To use the packet capture:
1. Go to System > Network > Packet Capture.
2. Select the interface to monitor and select the number of packets to keep.
3. Select Enable Filters.
4. Enter the information you want to gather from the packet capture.
5. Select OK.
To run the capture, select the play button in the progress column in the packet capture list. If not active, Not Running will also appear in the column cell. The progress bar will indicate the status of the capture. You can stop and restart it at any time.
When the capture is complete, click the Download icon to save the packet capture file to your hard disk for further analysis.
Packet capture tells you what is happening on the network at a low level. This can be very useful for troubleshooting problems, such as:
- Finding missing traffic.
- Seeing if sessions are setting up properly.
- Locating ARP problems such as broadcast storm sources and causes.
- Confirming which address a computer is using on the network if they have multiple addresses or are on multiple networks.
- Confirming routing is working as you expect.
- Wireless client connection problems.
- Intermittent missing PING packets.
- A particular type of packet is having problems, such as UDP, which is commonly used for streaming video.

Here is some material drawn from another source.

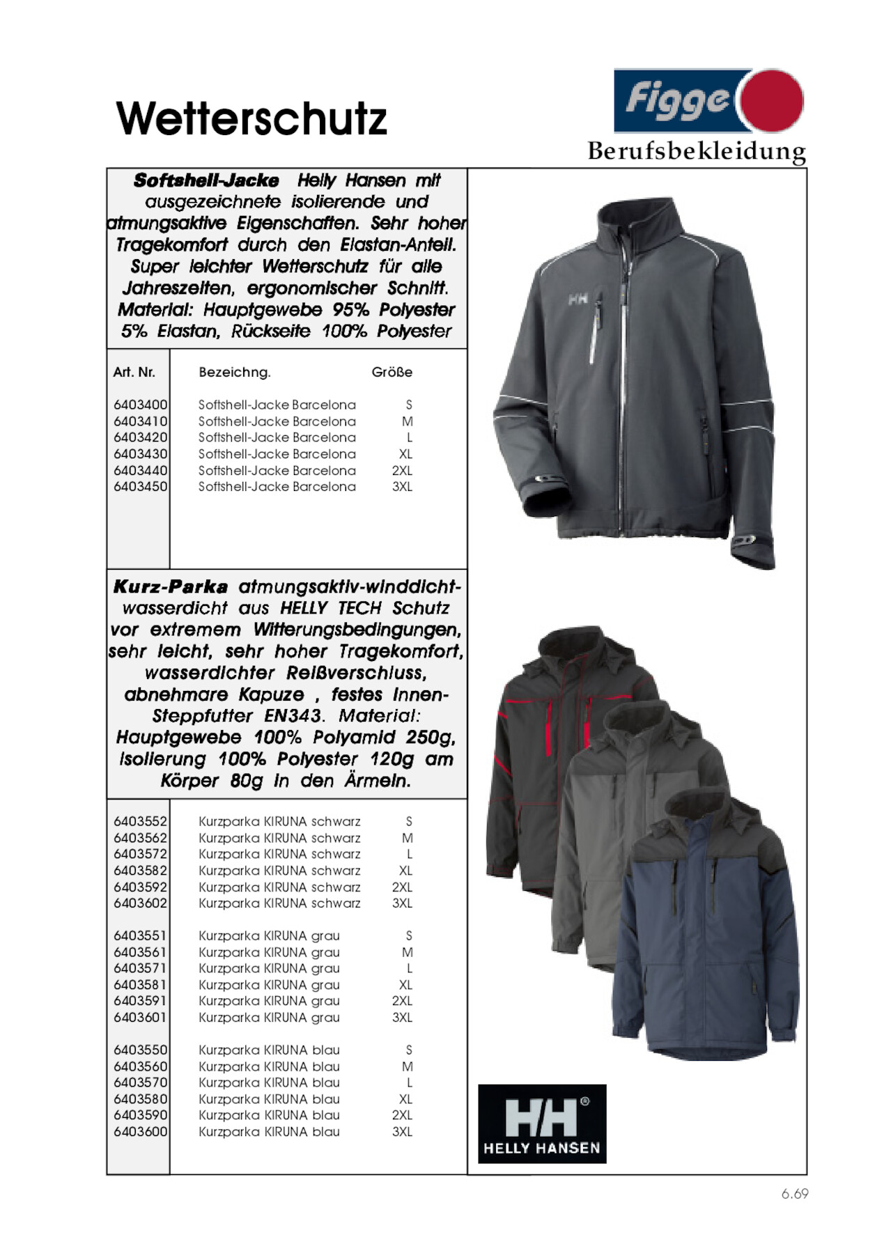 Wetterschutz Softshell-Jacke Helly Hansen mit ausgezeichnete isolierende und atmungsaktive Eigenschaften. Sehr hoher Tragekomfort durch den Elastan-Anteil. Super leichter Wetterschutz für alle Jahreszeiten, ergonomischer Schnitt. Material: Hauptgewebe 95% Polyester 5% Elastan, Rückseite 100% Polyester Art. Nr. 6403400 6403410 6403420 6403430 6403440 6403450 Bezeichng. Größe Softshell-Jacke Barcelona Softshell-Jacke Barcelona Softshell-Jacke Barcelona Softshell-Jacke Barcelona Softshell-Jacke Barcelona Softshell-Jacke Barcelona S M L XL 2XL 3XL Kurz-Parka atmungsaktiv-winddichtwasserdicht aus HELLY TECH Schutz vor extremem Witterungsbedingungen, sehr leicht, sehr hoher Tragekomfort, wasserdichter Reißverschluss, abnehmare Kapuze , festes Innen- Steppfutter EN343. Material: Hauptgewebe 100% Polyamid 250g, Isolierung 100% Polyester 120g am Körper 80g in den Ärmeln. 6403552 6403562 6403572 6403582 6403592 6403602 6403551 6403561 6403571 6403581 6403591 6403601 6403550 6403560 6403570 6403580 6403590 6403600 Kurzparka KIRUNA schwarz Kurzparka KIRUNA schwarz Kurzparka KIRUNA schwarz Kurzparka KIRUNA schwarz Kurzparka KIRUNA schwarz Kurzparka KIRUNA schwarz Kurzparka KIRUNA grau Kurzparka KIRUNA grau Kurzparka KIRUNA grau Kurzparka KIRUNA grau Kurzparka KIRUNA grau Kurzparka KIRUNA grau Kurzparka KIRUNA blau Kurzparka KIRUNA blau Kurzparka KIRUNA blau Kurzparka KIRUNA blau Kurzparka KIRUNA blau Kurzparka KIRUNA blau S M L XL 2XL 3XL S M L XL 2XL 3XL S M L XL 2XL 3XL Berufsbekleidung 6.69

If you are running a constant traffic application such as ping, packet capture can tell you if the traffic is reaching the destination, how the port enters and exits the FortiGate unit, if the ARP resolution is correct, and if the traffic is returning to the source as expected. You can also use packet switching to verify that NAT or other configuration is translating addresses or routing traffic the way that you want it to.
Before you start capturing packets, you need to have a good idea of what you are looking for. Capture is used to confirm or deny your ideas about what is happening on the network. If you try capture without a plan to narrow your search, you could end up with too much data to effectively analyze. On the other hand, you need to capture enough packets to really understand all of the patterns and behavior that you are looking for.